Topic: “How Company Z Increased Sales by 200% with Email Marketing”

Weak: “Company Z used email marketing to grow their sales. This case study explains what they did and the results they got.”

Strong: “Company Z turned $5K/month into $15K/month in 6 months using:

  1. Segmented lists (3x higher open rates)
  2. Abandoned-cart emails (recovered 12% of lost sales)
  3. A/B-tested subject lines (‘Your cart misses you’ won)

Steps and templates included.”

Why it works:

  • Leads with results (“$5K to $15K”).
  • Uses numbers to prove impact.
  • Teases actionable content (“templates included”).

What did we learn from these examples?

  1. Start with the most valuable info (stats, results, or a bold claim).
  2. Use numbers (steps, percentages, time) to add credibility.
  3. Match the format to the content type (bullets for reports, emojis for social media).
  4. Avoid vague language (“some tips” → “3 proven strategies”).

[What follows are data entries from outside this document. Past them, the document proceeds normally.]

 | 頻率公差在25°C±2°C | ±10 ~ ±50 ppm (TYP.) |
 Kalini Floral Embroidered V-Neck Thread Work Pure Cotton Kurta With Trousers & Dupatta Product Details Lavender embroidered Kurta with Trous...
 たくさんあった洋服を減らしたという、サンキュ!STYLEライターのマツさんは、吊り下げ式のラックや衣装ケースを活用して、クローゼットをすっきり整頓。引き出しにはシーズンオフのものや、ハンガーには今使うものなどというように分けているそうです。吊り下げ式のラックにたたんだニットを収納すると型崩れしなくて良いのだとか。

Here’s a pro tip for you: Test your summary by asking yourself if it would make you click/read more. Does it work even if you skip the full content?

There are other options to help readers and search engines quickly understand your content. What’s the difference between these? Titles and meta descriptions are for getting people to click from the SERP, while summaries are for readers already on your content.

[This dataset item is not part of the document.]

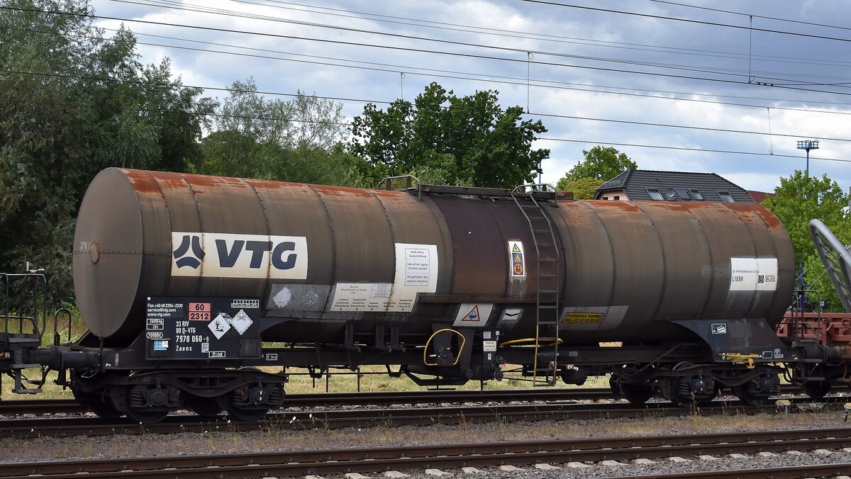 Kesselwagen vom Einsteller VTG mit der Nr. 33 RIV 80 D-VTG 7970 060-9 Zaens für das Ladegut Phenol, geschmolzen siehe UN-Nr.: 60/2312 in einem gemischten Güterzug am 10.07.25 Höhe Bahnhof Magdeburg Hbf. Lothar Stöckmann

Element Purpose Length Audience Example
Title Grabs attention; tells readers (and search engines) what the content is about. 50-60 chars (SEO ideal) Searchers + readers “How to Write a Summary in 5 Steps (With Examples)”
Introduction Hooks the reader; sets up the topic and why it matters. 1-3 paragraphs Readers (and search engines) “Struggling to keep readers engaged? A strong summary can double your content’s impact—here’s how to write one.”
Summary Condenses main points for quick understanding. 3-5 sentences Readers who skim “Learn the 5 rules for summaries: cut fluff, lead with key points, use keywords, and match your content’s tone.”
Conclusion Wraps up; often includes a CTA or final thought. 1 paragraph Readers who finish the piece “Now that you know how to summarize effectively, try rewriting an old post’s summary and track the difference in engagement.”
Meta desc. Encourages clicks from search results. ~150-160 chars Search engines + potential visitors “Master the art of writing summaries with this step-by-step guide. Improve readability, SEO, and reader retention in minutes.”

Benefits and pitfalls of using AI for summaries

One of the best ways of using AI in your work is to use it to summarize content. It’s almost what it was designed to do. AI tools like Yoast AI Summarize can draft summaries in seconds. Of course, you need to keep an eye on the outcome and adjust where needed.

Benefits

There are many benefits to using AI to generate summaries.

  • The AI is fast: AI can generate a summary almost instantly
  • It’s consistent: The AI works very consistently based on your rules
  • It’s an additional content check: If it stumbles, your content’s points are not clear

Pitfalls

Using AI has a lot of benefits, but also risks.

  • Results might lack nuance or miss a certain emphasis or humor
  • It can also come out sounding very robotic or boring
  • It might focus on the wrong things, so it could highlight minor points instead of critical ones

Best practices for using AI to generate summaries

Always use AI as a starting point, then compare the AI summary to your key messages. If it needs adjusting, edit the summary for accuracy, tone, and flow. Then test it to learn if it makes sense alone.

In the real world, this would mean installing an AI plugin on your WordPress site or using Yoast SEO’s AI Summarize feature. Open an article on your site and add the Yoast AI Summary block. Have it generate a summary based on your article. Check the outcome and refine it to sound human and align with your goals.

Key takeaways generated by Yoast AI Summarize

Conclusion

A strong summary aims to please two different consumers: first, the readers who want quick answers and search engines that reward clarity and readability. Writing a good summary is all about keeping it short, direct, and keyword aware. Avoid fluff and focus on the key takeaways.

Today, it’s fine to use AI to help you with summaries, but always check them. If you are not happy, edit them.